While she had worked as Mrs. Van Orner’s secretary, she’d tried her best to be unattractive. Or at least she’d made no attempt to make herself attractive. Today, however, with Mrs. Van Orner dead, she had made herself as beautiful as possible before speaking with Mr. Van Orner. Frank could think of several reasons for this, none of which reflected well on Miss Yingling. Or on Mr. Van Orner, for that matter.
They reached a closed door, and Miss Yingling knocked before opening it.
“Mr. Malloy is here to see you,” she said, then stepped aside for Frank to enter and closed the door behind her as she left. The spacious room was furnished in the current style, which meant it was stuffed with enormous furniture and cluttered with knickknacks of every description sitting on every flat surface. Dull paintings in heavy frames covered portions of the busy pattern of the wallpaper. A thick and richly patterned carpet stretched across the floor. Heavy velvet drapes shielded the occupants of the room from any hint of sunlight.

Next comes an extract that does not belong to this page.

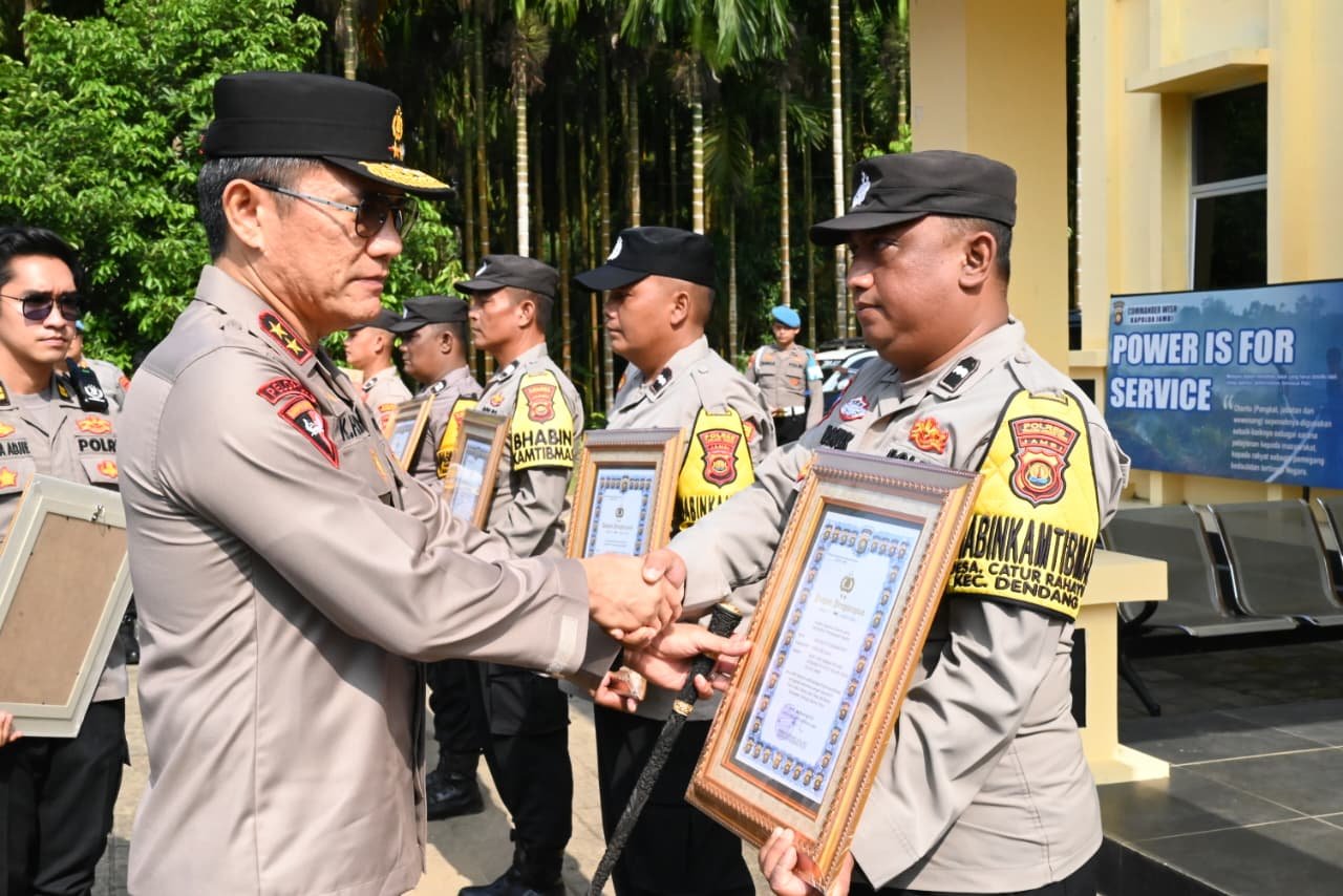 Dalam sambutannya, Kapolda Jambi menegaskan bahwa pemberian penghargaan ini merupakan bentuk apresiasi pimpinan kepada anggota yang berdedikasi tinggi di lapangan.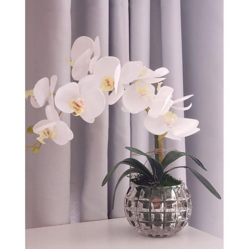 Arranjo de Orquídea Flores Artificial 1998 As flores artificiais para decoração são o que há de mais bonito no mercado, já que são feitas com materiais de grande qualidade e oferecem ao arranjo uma aparência elegante. Quartos, salas de estar e de jantar, cozinhas e home offices ganham um toque especial com a ajuda das flores artificiais para decoração, que são muito eficientes na tarefa de dar mais vida a qualquer ambiente. - Plantas de alto padrão:Flores artificiais. Material: Vaso de Flores permanente montado - Vidro igual a foto do anuncio. Complementos vaso e flores Flores em seda sintético, arame, cor verde alto padrão O Arranjo vai completo e montado. Basta abrir a caixa e pronto. - Nossos Arranjos são únicos e exclusivo para cada cliente, caso precise de mais unidades iguais favor entra em contato antes.Altura: 0.37 cmLargura: 0.30 cmComprimento: 0.30 cmPeso: 1500 g Marca: La Caza Store

Frank needed a moment for his eyes to adjust to the dimness before he found Mr. Van Orner. He sat in a wing chair near the fireplace, a glass in his hand resting on the arm of the chair. A thick-chested man whose good looks had softened with age and whose dark hair was thinning, he wore a silk smoking jacket, and he’d changed his shoes for slippers.
He studied Frank through narrowed eyes and made no move to rise or otherwise acknowledge him. He seemed remarkably relaxed for a man who’d just lost his wife.
Frank introduced himself. “I’m very sorry about your wife.”
“Did you know her?” he asked.
“No.”
“I thought perhaps . . . because of the charity work she does. Did.” He lifted the glass to his lips and took a sip of the amber liquid. “What do you want?” he asked when he’d lowered the glass again.
Frank wasn’t sure exactly how to start. He took a stab at it. “The circumstances of your wife’s death are . . . unusual.”
“I guess they are. Healthy women don’t usually drop over dead while riding home in their carriages.”
Frank hated asking right out, but Van Orner wasn’t giving him any indication of his wishes. “Would you like for me to find out exactly how she died?”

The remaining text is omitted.